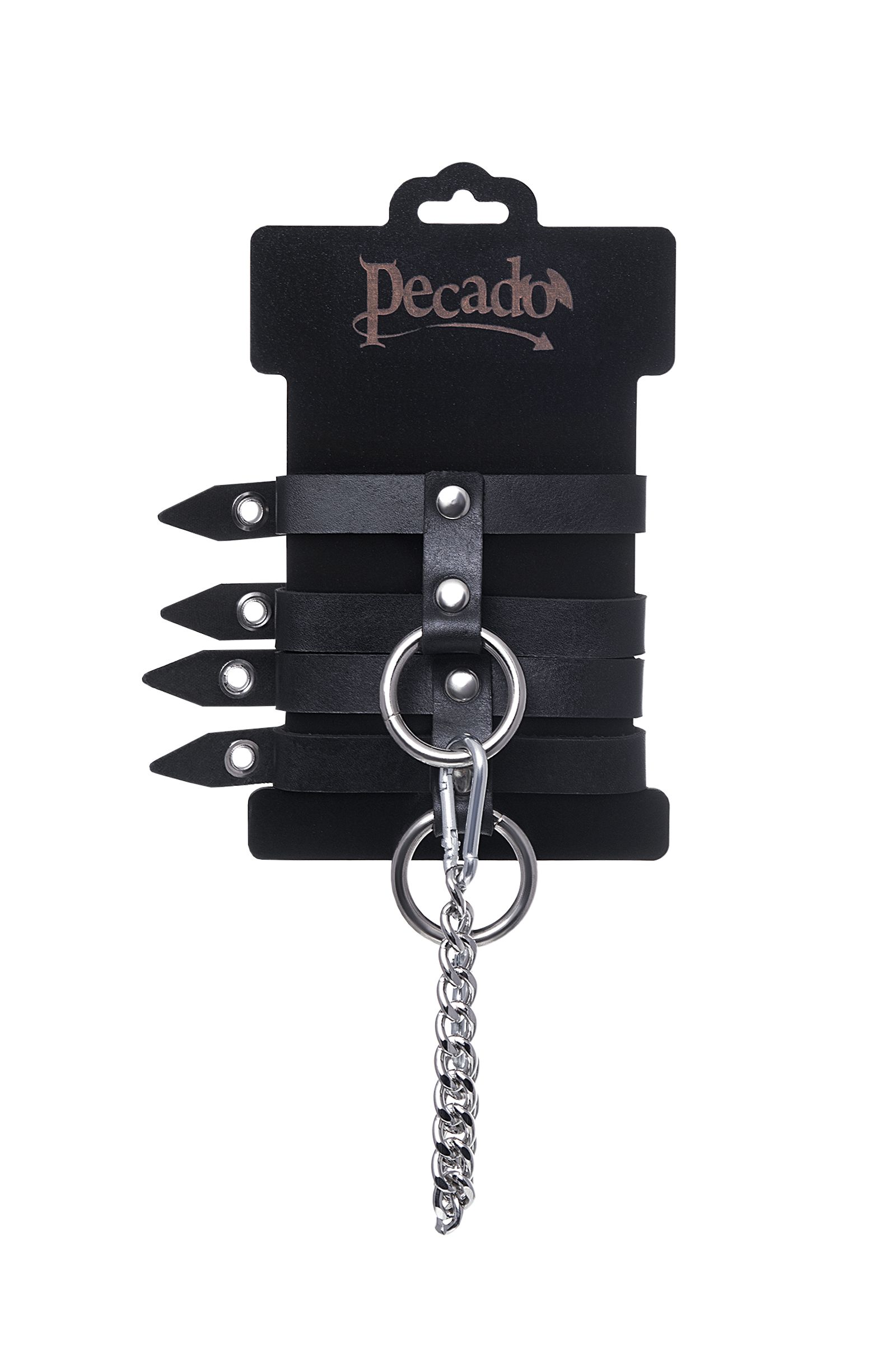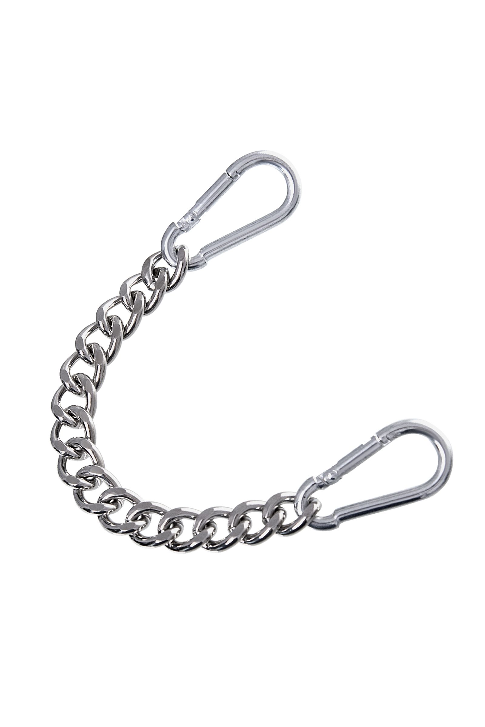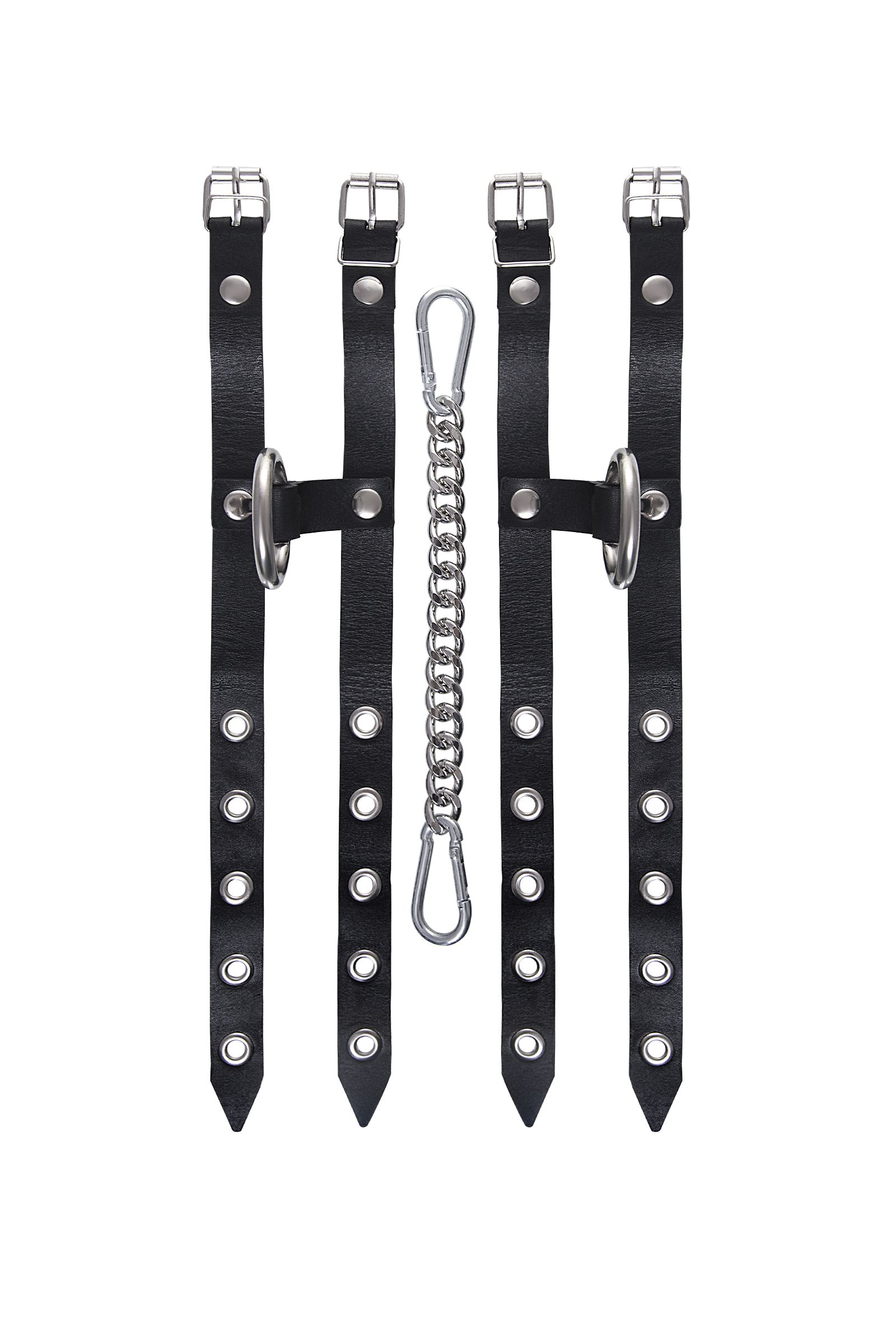 Наличие двух колец и карабинов, соединенных между собой металлической цепочкой, позволяет использовать изделие как раздельно – аксессуар-манжеты, так и как оковы для фиксации. К широким металлическим кольцам также можно присоединить и другие аксессуары при помощи карабинов.
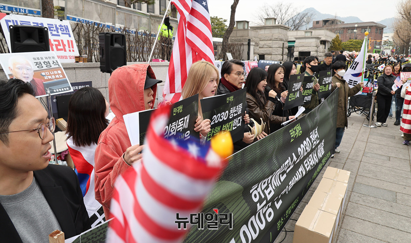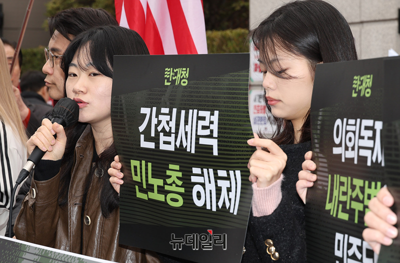탄핵을반대하는대한민국청년들(탄대청)이 12일 오전 서울 종로구 헌법재판소 앞에서 15,000명 탄핵반대 탄원서 제출에 앞서 기자회견을 갖고 있다. 앞서 국민의힘 의원 82명도 탄핵을 반대하는 2차 탄원서를 헌재에 제출했다.
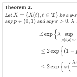 \[ \mathbb{E}\exp \Big\{\lambda \underset{t\in \mathbf{T}}{\sup }|X(t)|\Big\}\le 2Q(\lambda ,\theta ),\]Corollary 1.

■ What this task involves: Could you copy the data above exactly, leaving the pictures out?

■ Task solution:
 Наличие двух колец и карабинов, соединенных между собой металлической цепочкой, позволяет использовать изделие как раздельно – аксессуар-манжеты, так и как оковы для фиксации. К широким металлическим кольцам также можно присоединить и другие аксессуары при помощи карабинов.
탄핵을반대하는대한민국청년들(탄대청)이 12일 오전 서울 종로구 헌법재판소 앞에서 15,000명 탄핵반대 탄원서 제출에 앞서 기자회견을 갖고 있다. 앞서 국민의힘 의원 82명도 탄핵을 반대하는 2차 탄원서를 헌재에 제출했다.
 \[ \mathbb{E}\exp \Big\{\lambda \underset{t\in \mathbf{T}}{\sup }|X(t)|\Big\}\le 2Q(\lambda ,\theta ),\]Corollary 1.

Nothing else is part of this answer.